In summary, EMV is primarily effective for reducing card-present fraud by securing against counterfeit cards.
The Role of P2PE – Securing Card Data in Flight
Forensic investigations have confirmed that the preferred method for extracting account data from point-of-sale (POS) systems has been the use of RAM-scraping malware. This breed of malicious software is able to access clear-text card data as it is processed within system memory, even if the system uses encryption to receive and re-transmit this sensitive data. While card data may be received by the POS system in encrypted form, encrypted when stored, and encrypted when transmitted, it is unencrypted while in memory and therefore is highly vulnerable to this type of attack.
The role of P2PE is to immediately and fully encrypt all cardholder data within the payment terminal. By using strong encryption, device management practices, and key management, P2PE is effective at addressing the risk of card data compromise for card data in transit out of the merchant network as it is transmitted to the gateway or acquirer for decryption and processing.
There are two types of terminal encryption – PCI-listed P2PE solutions and unlisted solutions (sometimes called end-to-end encryption or E2EE).
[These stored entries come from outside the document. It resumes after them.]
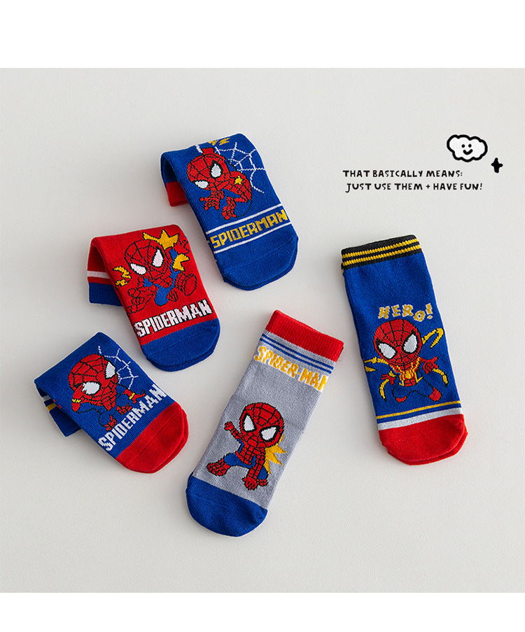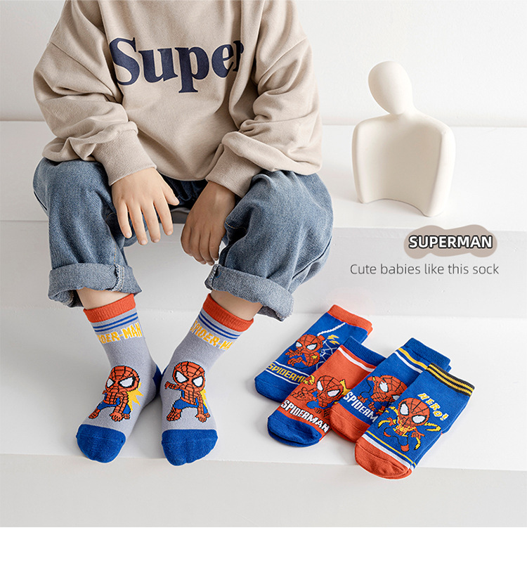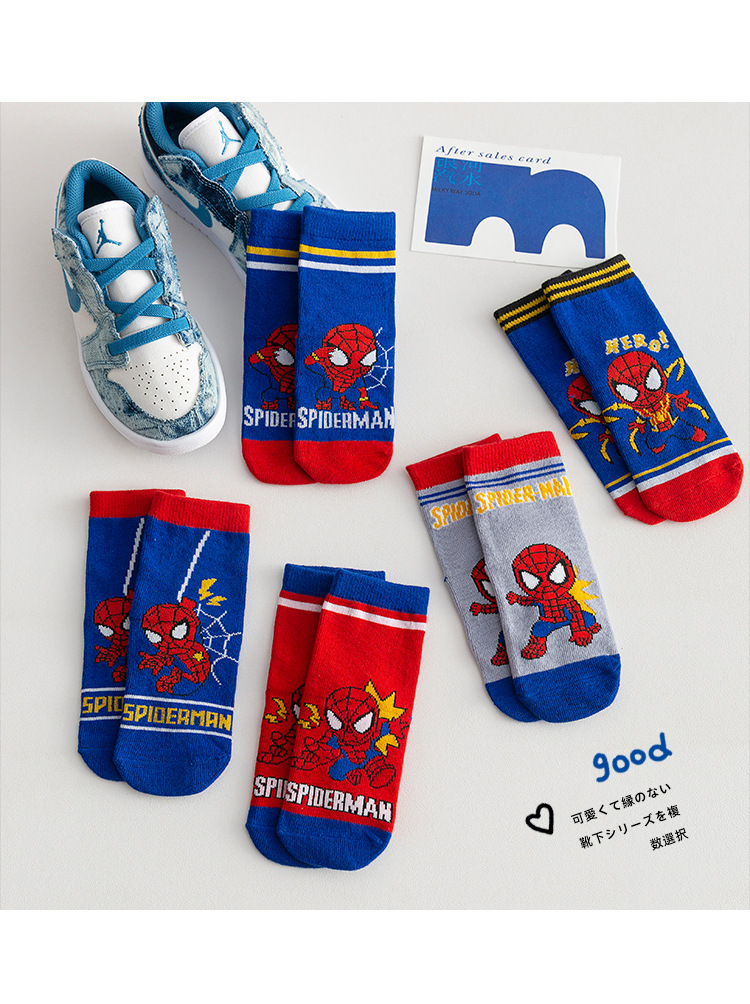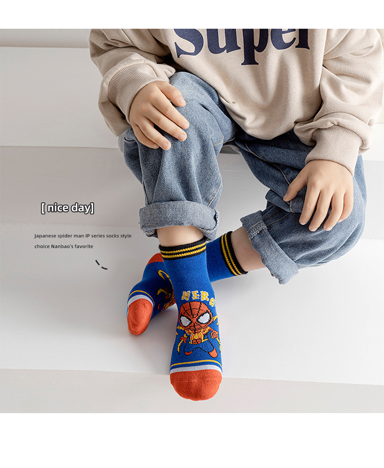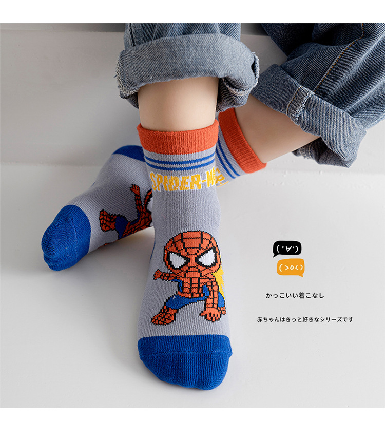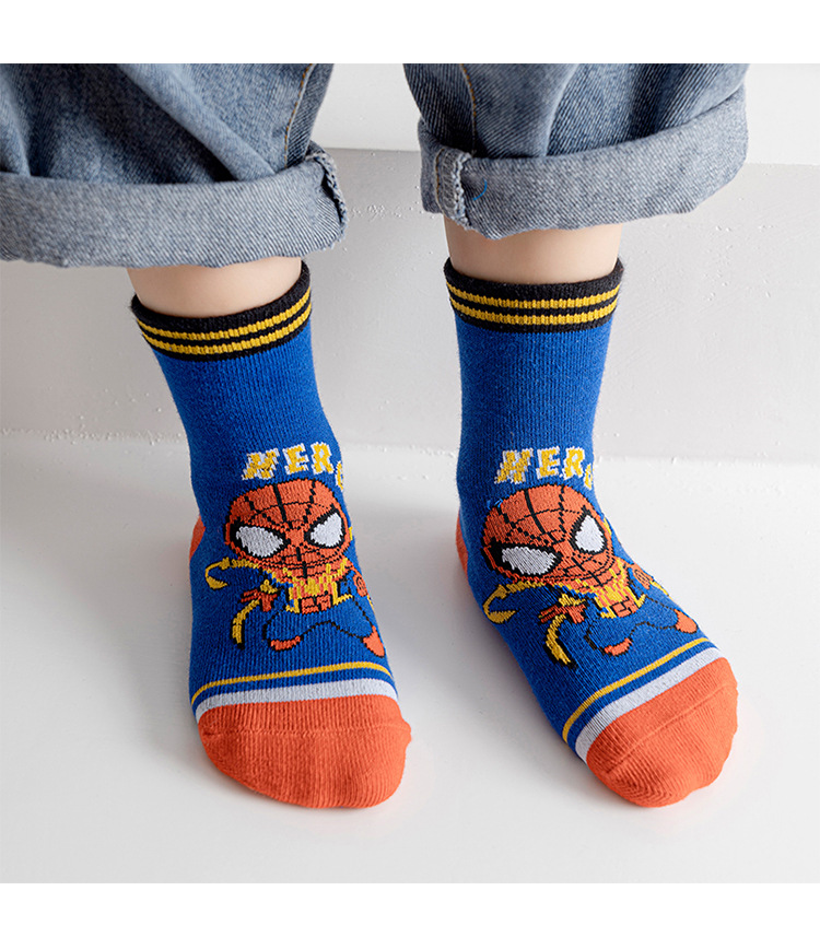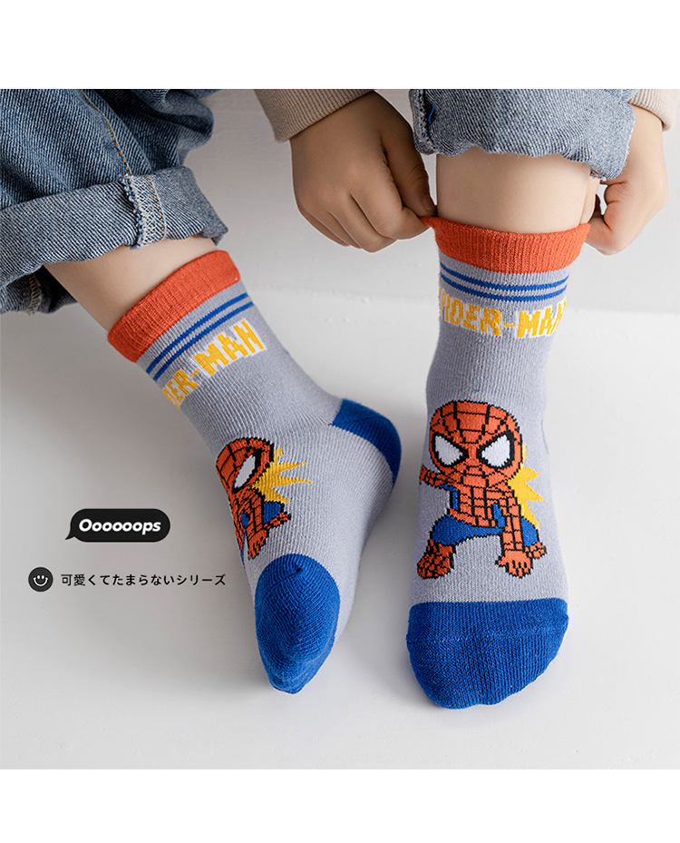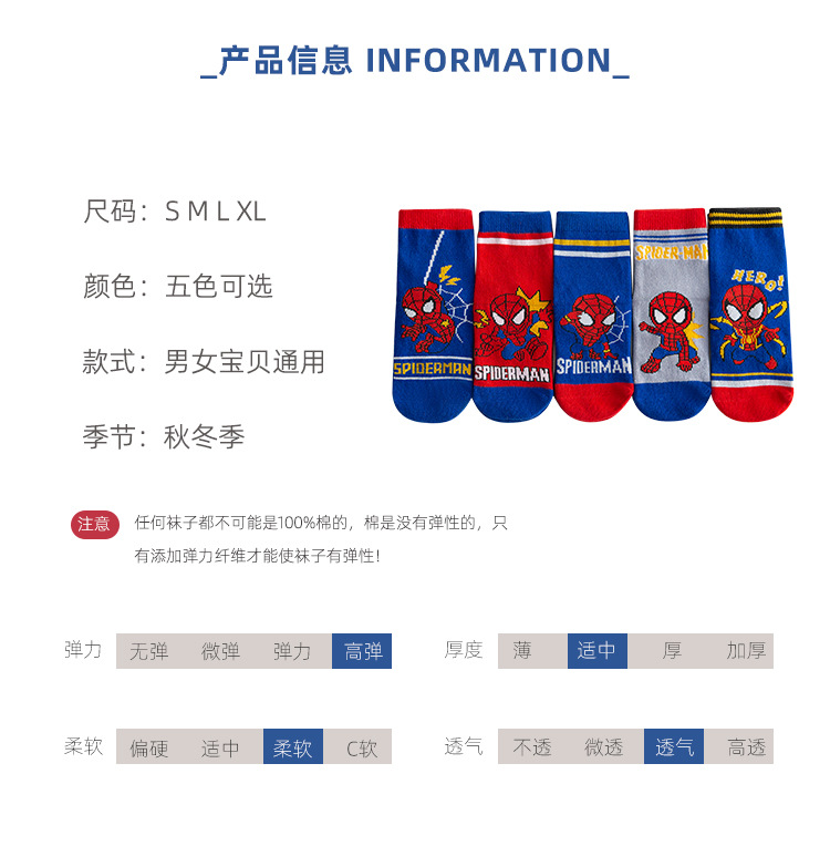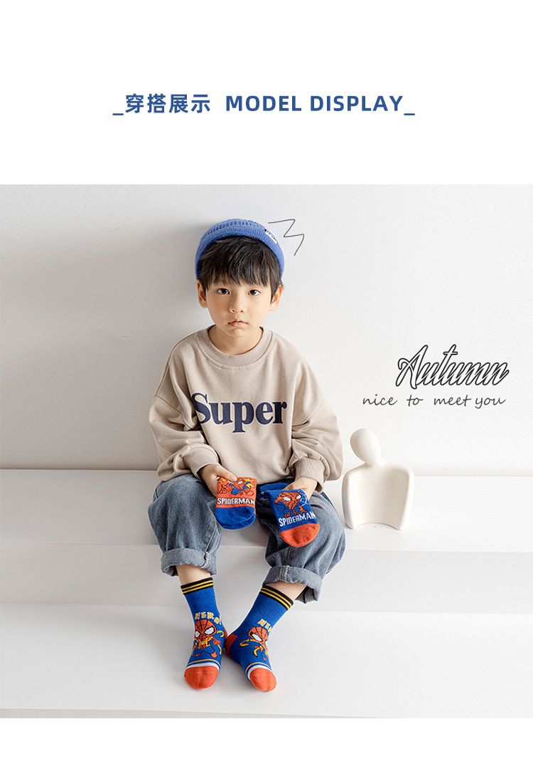 【星戴露蜘蛛侠儿童袜子】中筒秋冬款男童女童春秋棉宝宝学生恐龙卡通小孩棉袜
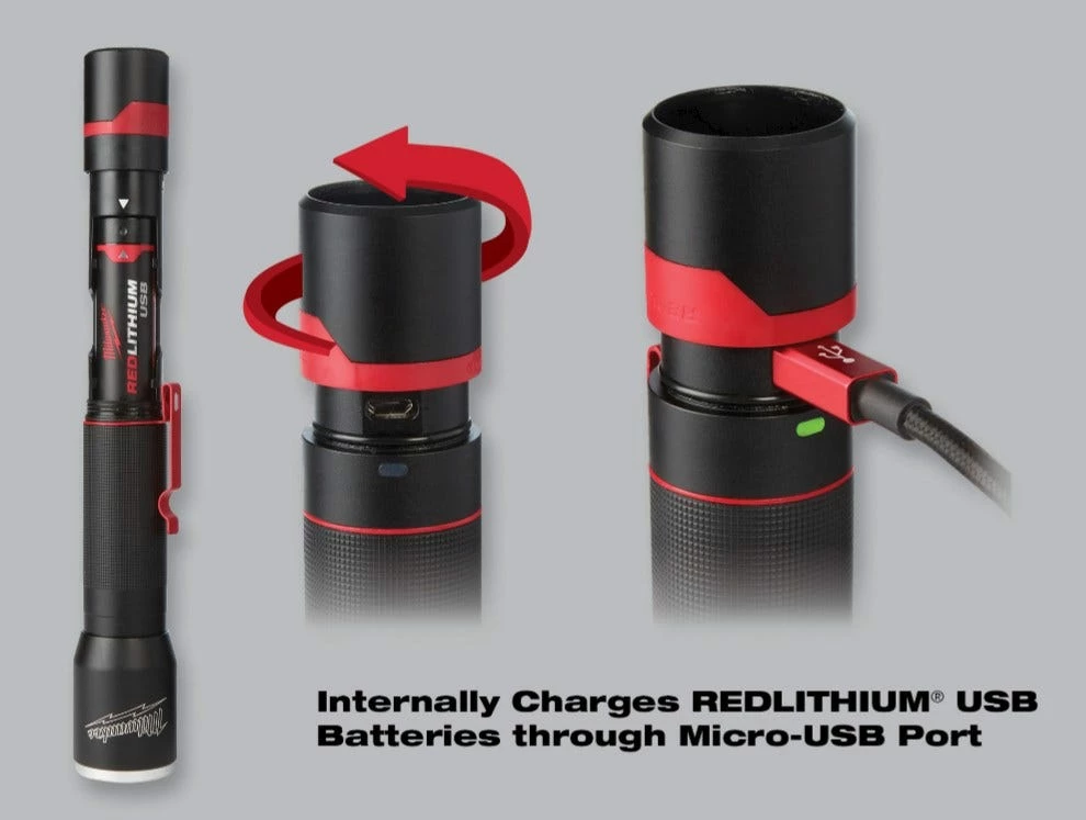 - Can be recharged in the flashlight via Micro USB or swapped out with additional REDLITHIUMâ„¢ USB batteries
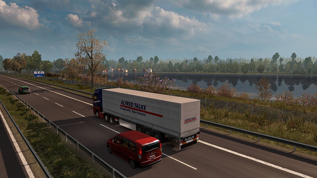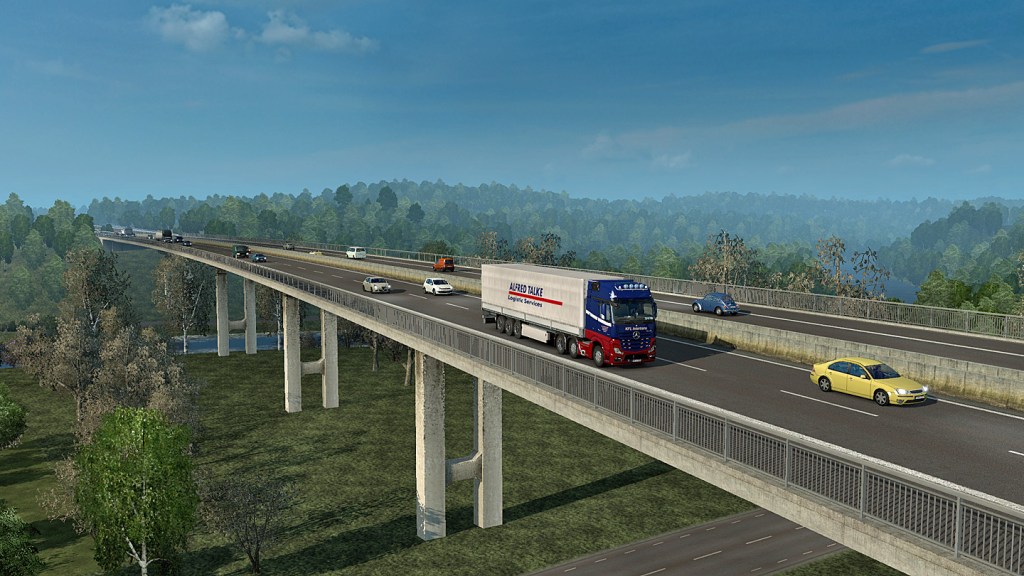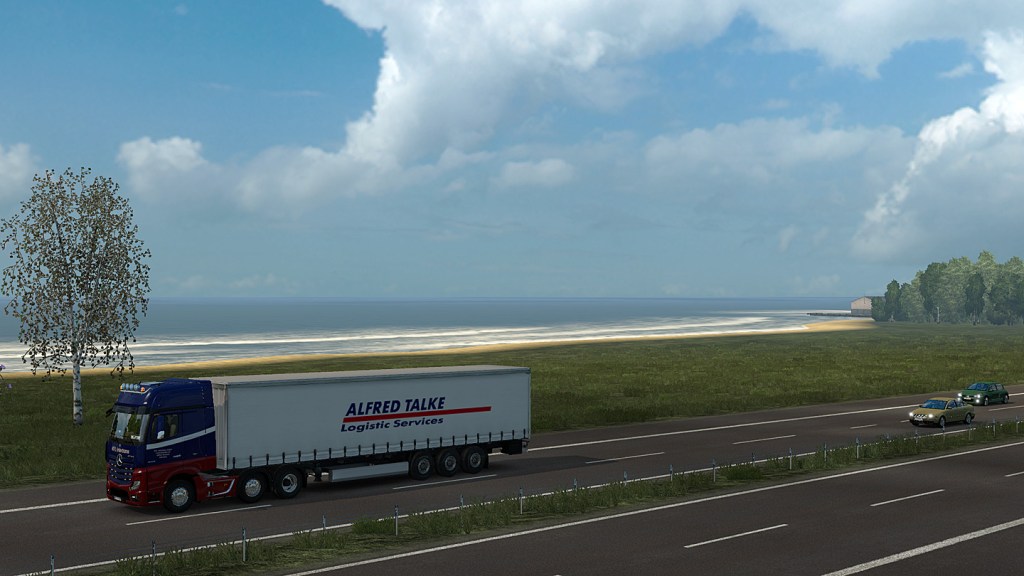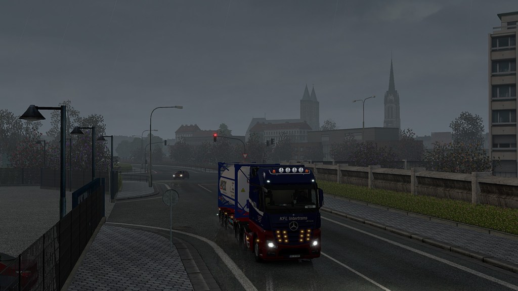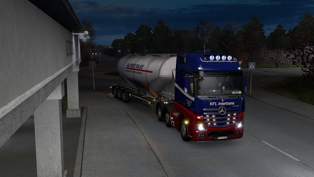 Nachdem ich nun Flachland und Mittelgebirge, Rampen zu Hochbrücken und steile Autobahnauffahrten durch hatte, musste ich sagen, dass der Actros 2558 ein Monster war. Noch mal stärker als unser FH16 550 und das brachte er auch auf die Straße. Leider brachte er das auch in den Tank, besonders wenn man mal verpennte, manuell in den 12. zu schalten, was mir mit dem leisen Motor nur zu oft passierte. Ilarion und Timo wohl nicht mehr, denn die hatten mit meinen Verbrauchswerten angefangen, aber waren inzwischen 3 Liter runter. Und im Gegensatz zu mir fuhren die dauernd Standlicht, wie ich von Bildern im Spotterforum wusste, damit die LED-Batterie dauernd leuchtete.

While there are many nuanced differences, which we will discuss in next week’s blog, there are three high-level requirements that every P2PE/E2EE solution must offer:
- The card data must be encrypted using strong cryptography
- The encryption must be performed within a secure hardware device
- It must not be feasible to decrypt the data within the merchant environment
Through this process, P2PE performs the function of devaluing the cardholder data in the eyes of any hacker who may otherwise seek to access this information within the merchant’s software, systems, and network, therefore securing card data in-flight.
The Role of Tokenization – Securing Card Data at Rest
Finally, there are merchants who must perform certain customer billing functions such as delayed charges, subscriptions, refunds, or credits, which require credit card information.
Tokenization is the technology where secure card data storage is centralized and a different value is used to represent the original cardholder data. When ready to be re-used, the token must generally be passed to the tokenization provider, where the original cardholder data is retrieved, decrypted, and utilized.
To take full advantage of the benefits of tokenization, PCI SSC recommends that merchants tokenize sensitive data as quickly as possible, replace cardholder data with tokens wherever it is stored, and use services that do not provide a mechanism to “detokenize” data, as this presents another avenue that may be exploited. When properly implemented, use of tokenization instead of storing actual cardholder data is valuable for securing card data at rest.